Tribute pours in for Leafs’ legend Salming: ‘He changed the game of hockey forever’

Many tributes are paid to the life and legacy of Toronto Maple Leafs legend Börje Salming, who passed away on Thursday at the age of 71.

NHL Commissioner Gary Bettman issued a lengthy statement after news of Salming’s death became public, saying the longtime defenseman “paved the path many of the greatest players in NHL history followed while shattering all the stereotypes about European players shattered.”

“A superior all-round defender and the first Swedish star ever to play in the league, Börje Salming was as strong as he was gifted both physically and mentally,” Bettman’s statement read.

A bouquet of flowers was placed under a statue of Salming outside Toronto’s Scotiabank Arena as the Maple Leafs shared a tribute on a large screen in Maple Leafs Square.

Flowers lay under a statue of Borje Salming in Toronto. Photo: Daniel Berry/CityNews.

The Maple Leafs shared several social media posts, including a tribute on Instagram, leading other organizations — including the AHL’s Toronto Marlies, Calgary Flames and Winnipeg Jets — to voice their thoughts on Salming’s passing.

The Ottawa senators responded to the Leafs’ original tweet, calling the 71-year-old “a true trailblazer.” The Los Angeles Kings tweeted that the heart of the organization lay with the Salming family and members of the Maple Leafs.

“His legacy of strength and determination will remain with us forever,” the Kings wrote.

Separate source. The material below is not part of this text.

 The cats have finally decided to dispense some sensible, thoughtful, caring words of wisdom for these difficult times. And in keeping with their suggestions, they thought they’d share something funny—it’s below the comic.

Maple Leafs alumni also shared a tweet saying that Salming “will forever be a part of our Maple Leafs family.”

Toronto Mayor John Tory tweeted that his thoughts were with the Salming family and all of the city’s hockey fans.

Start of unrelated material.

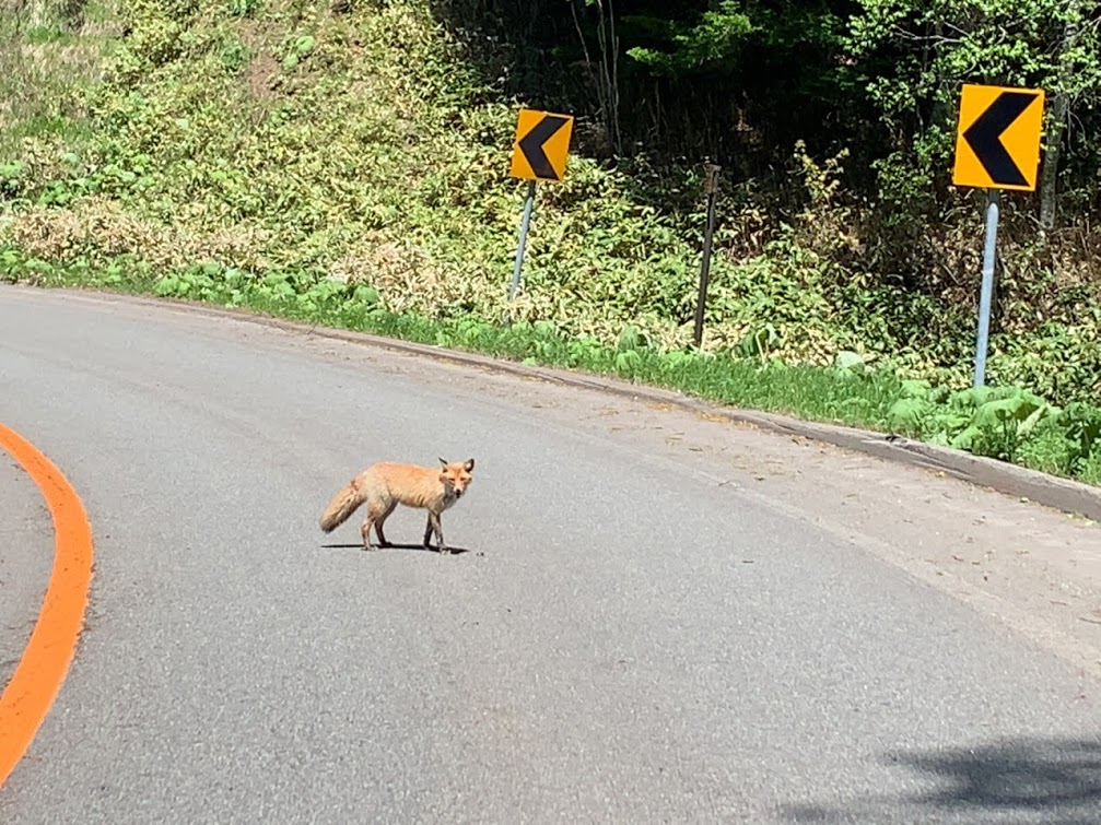 しばらく走ると、やっぱりここは北海道だな。野生のキタキツネが出てきた。ゆっくり写真を撮りたかったけれども、すぐに行ってしまったな。

“From Sweden to Toronto, ‘The King’ will be remembered for the incredible impact he had on our city,” Tory tweeted.

Former NHL goaltender and fellow Swedes Eddie Lack said Salming was “one of the hardest players ever.”

“What a sad day, but I’m glad you got to experience all the love you deserve from the fans over the past few weeks,” Lack tweeted.

“Gone but never forgotten.”

Sportsnet’s Michael Grange shared a touching anecdote, noting that Salming was “the coolest, strongest, most invincible-looking human being I’d ever come across.”

Maple Leafs President Brendan Shanahan issued a statement on behalf of the organization, calling Salming a pioneer of the game and an icon of unbreakable spirit and undisputed toughness.

In July Salming was diagnosed with amyotrophic lateral sclerosis, commonly known as ALS or Lou Gehrig’s disease. The longtime NHL defenseman publicly announced his diagnosis in August.

This month, Salming made the trip to Toronto’s Scotiabank Arena for the Maple Leafs Hall of Fame induction weekend game, where he was part of an emotional tribute alongside Darryl Sittler, a lifelong friend and former teammate.